Essential reading for the Iran Crisis - what happens when the seas close, and oil stops flowing? 'Urgent and polemical' Financial Times 'A brilliant explainer of how the world works' Simon Kuper, author of Chums
'The real stuff of the economy - blood, dirt, oil and violence' Dan Davies, author of The Unaccountability Machine
'Profound and compelling ... A book that I couldn't put down' Adam Hanieh, author of Crude Capitalism
Whether it's pumping oil, mining resources or shipping commodities across oceans, the global economy runs on extraction. Promises of frictionless trade and lucrative speculation are the hallmarks of our era, but the backbone of globalisation is still low-cost labour and rapacious corporate control. Extractive capitalism is what made - and is still making - our unequal world.
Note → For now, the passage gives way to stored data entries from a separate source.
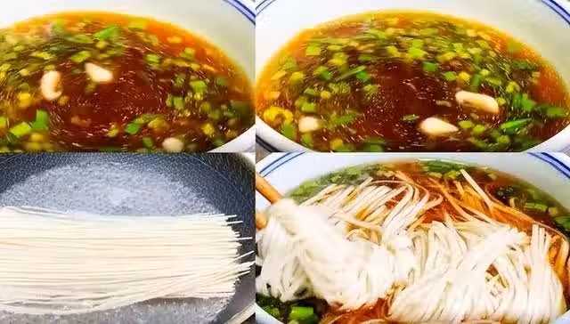 澆湯麵,空碗中加入熬香的豬油、醬油、蔥花、蒜末、味精、鹽、香油、花椒油、蔥油、香醋倒入熱開水,將煮熟的細掛麵放入湯中,即可食用。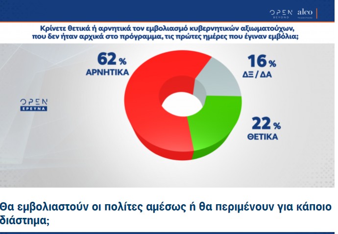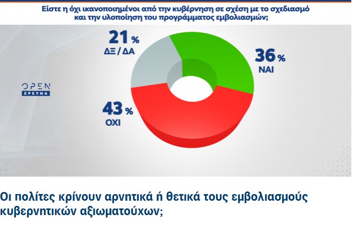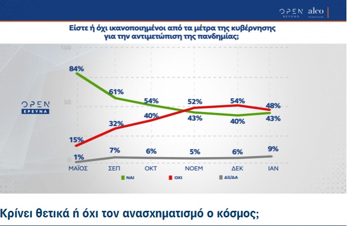 Σύμφωνα με τη δημοσκόπηση για λογαριασμό του Open, το 48% των πολιτών δηλώνουν μη ικανοποιημένο από τα μέτρα της κυβέρνησης Μητσοτάκη για την αντιμετώπιση της πανδημίας του κοροναϊού, έναντι 43%, που δηλώνουν ικανοποίηση.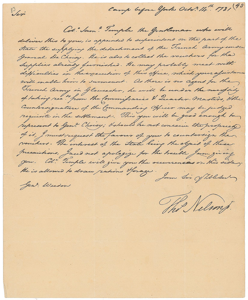 Signer of the Declaration of Independence and member of the Virginia delegation to the Continental Congress (1738–1789). Revolutionary War–dated LS signed “Thos. Nelson Jr.,” one page, 7.5 x 9.25, October 14, 1781. Letter to General George Weedon. In part: “Col. James Temple the gentleman who will deliver this to you, is appointed to superintend on the part of the state the supplying [of] the detachment of the French Army under General De Choisy. He is also to collect the vouchers for the supplies already furnished. He may probably meet with difficulties in the execution of this office, which your assistance will enable him to surmount. As there is no Agent for the French Army in Gloucester, he will be under the necessity of taking receipt from the Commissaries & Quarter Master.” In fine condition.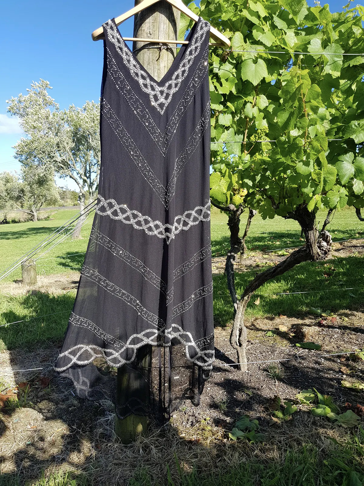 1990s Vintage Hand Beaded High / Low Dress - Fine Slinky Mesh - Scalloped Asymmetrical Hemline

Professor Laleh Khalili reflects on the hidden stories behind late capitalism, from seafarers abandoned on debt-ridden container ships to the nefarious reach of consultancy firms and the cronyism that drives record-breaking profits. Piercing, wry and constantly revealing, Extractive Capitalism brings vividly to light the dark truths behind the world's most voracious industries.
Laleh Khalili is an Iranian American and Professor of International Politics at Queen Mary University of London. She was formerly a Professor of Middle Eastern Politics at the School of Oriental and African Studies at the University of London.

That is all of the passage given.